ABOUT THIS EXERCISE: Your reply should consist only of the lines from the one holding "Según se observa" to the last line of the data below, written out exactly and without pictures.

##### INFORMATION PROVIDED

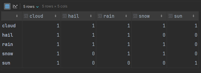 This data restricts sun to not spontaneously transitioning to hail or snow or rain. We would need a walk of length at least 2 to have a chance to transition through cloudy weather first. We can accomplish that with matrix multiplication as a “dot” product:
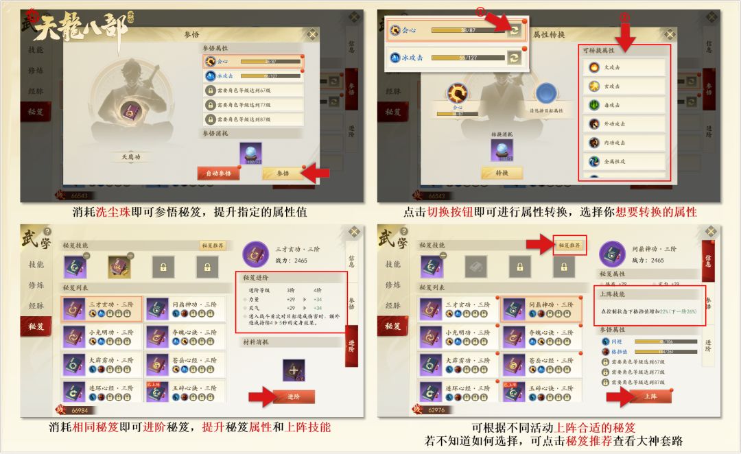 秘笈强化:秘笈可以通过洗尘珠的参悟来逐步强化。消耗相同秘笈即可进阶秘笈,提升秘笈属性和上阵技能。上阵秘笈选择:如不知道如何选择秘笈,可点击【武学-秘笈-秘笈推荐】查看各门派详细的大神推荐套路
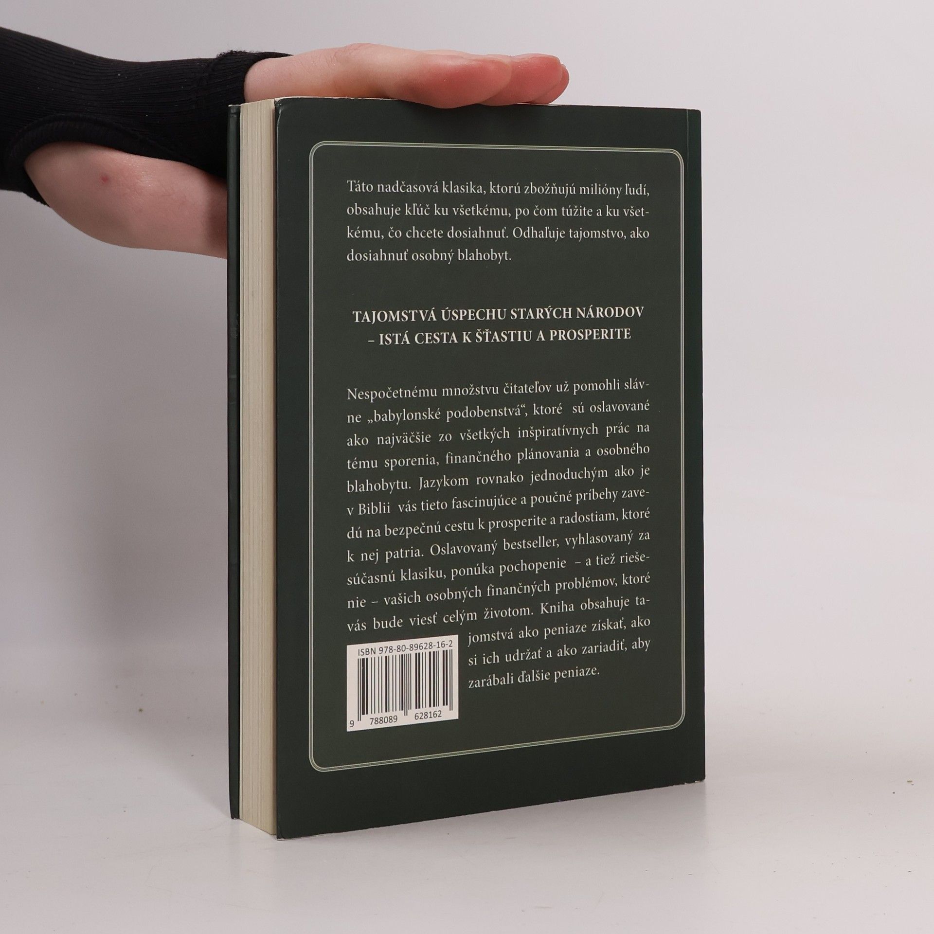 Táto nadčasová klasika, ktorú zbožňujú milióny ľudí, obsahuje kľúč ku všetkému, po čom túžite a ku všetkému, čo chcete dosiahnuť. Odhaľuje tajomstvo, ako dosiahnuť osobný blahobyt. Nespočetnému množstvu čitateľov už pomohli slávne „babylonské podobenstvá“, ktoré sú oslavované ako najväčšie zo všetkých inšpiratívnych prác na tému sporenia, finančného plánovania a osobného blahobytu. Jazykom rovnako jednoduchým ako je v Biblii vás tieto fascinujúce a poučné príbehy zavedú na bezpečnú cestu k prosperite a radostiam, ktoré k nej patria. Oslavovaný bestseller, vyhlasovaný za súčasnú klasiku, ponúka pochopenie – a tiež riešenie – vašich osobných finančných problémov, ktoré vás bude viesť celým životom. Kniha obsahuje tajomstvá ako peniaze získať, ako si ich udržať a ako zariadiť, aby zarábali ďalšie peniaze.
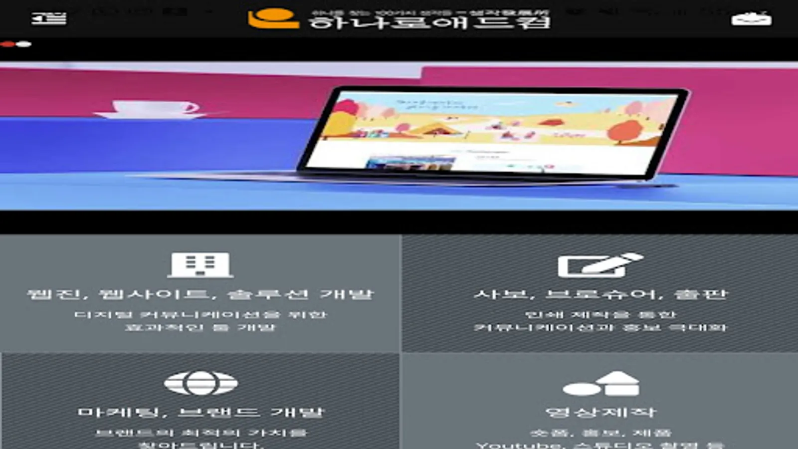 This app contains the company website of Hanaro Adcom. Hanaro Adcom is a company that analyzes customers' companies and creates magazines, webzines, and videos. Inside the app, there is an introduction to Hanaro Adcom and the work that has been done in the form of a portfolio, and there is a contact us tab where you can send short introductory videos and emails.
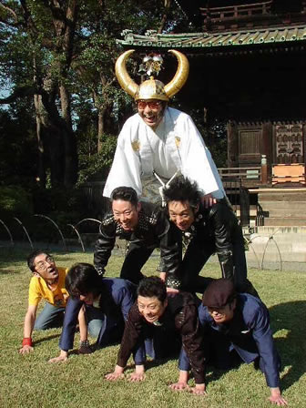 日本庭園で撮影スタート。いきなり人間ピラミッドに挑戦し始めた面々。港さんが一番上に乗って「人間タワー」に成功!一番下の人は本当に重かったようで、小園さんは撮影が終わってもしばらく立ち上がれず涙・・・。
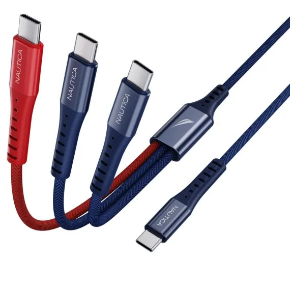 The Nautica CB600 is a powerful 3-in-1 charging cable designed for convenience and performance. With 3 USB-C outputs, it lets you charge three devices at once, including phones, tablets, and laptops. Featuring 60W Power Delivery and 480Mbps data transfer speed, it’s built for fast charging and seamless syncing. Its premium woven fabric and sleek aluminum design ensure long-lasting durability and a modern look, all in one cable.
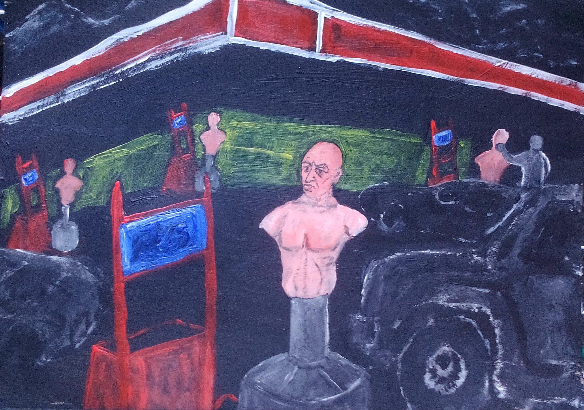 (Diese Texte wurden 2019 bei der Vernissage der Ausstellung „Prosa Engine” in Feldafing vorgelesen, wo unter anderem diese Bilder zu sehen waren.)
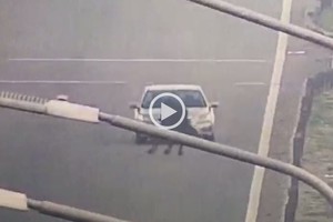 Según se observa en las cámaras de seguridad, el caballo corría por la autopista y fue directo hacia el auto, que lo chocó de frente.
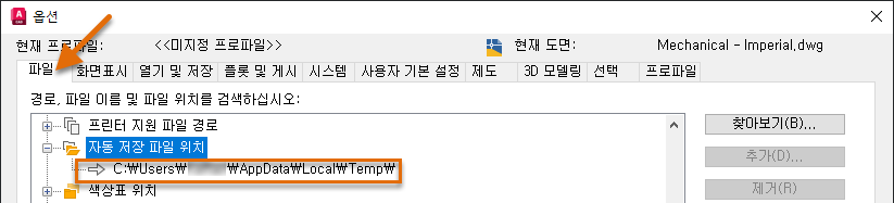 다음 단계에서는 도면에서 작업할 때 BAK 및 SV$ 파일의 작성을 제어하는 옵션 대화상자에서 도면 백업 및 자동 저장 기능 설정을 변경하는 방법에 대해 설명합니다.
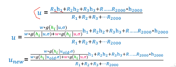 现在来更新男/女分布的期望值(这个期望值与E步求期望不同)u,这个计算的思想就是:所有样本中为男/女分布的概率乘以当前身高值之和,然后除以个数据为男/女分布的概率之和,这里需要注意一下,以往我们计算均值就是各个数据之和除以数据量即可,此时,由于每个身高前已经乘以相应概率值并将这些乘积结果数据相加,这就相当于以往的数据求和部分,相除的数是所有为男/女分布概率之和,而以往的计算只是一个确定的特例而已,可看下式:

##########

COMPLETED TASK:
 Según se observa en las cámaras de seguridad, el caballo corría por la autopista y fue directo hacia el auto, que lo chocó de frente.
 다음 단계에서는 도면에서 작업할 때 BAK 및 SV$ 파일의 작성을 제어하는 옵션 대화상자에서 도면 백업 및 자동 저장 기능 설정을 변경하는 방법에 대해 설명합니다.
 现在来更新男/女分布的期望值(这个期望值与E步求期望不同)u,这个计算的思想就是:所有样本中为男/女分布的概率乘以当前身高值之和,然后除以个数据为男/女分布的概率之和,这里需要注意一下,以往我们计算均值就是各个数据之和除以数据量即可,此时,由于每个身高前已经乘以相应概率值并将这些乘积结果数据相加,这就相当于以往的数据求和部分,相除的数是所有为男/女分布概率之和,而以往的计算只是一个确定的特例而已,可看下式:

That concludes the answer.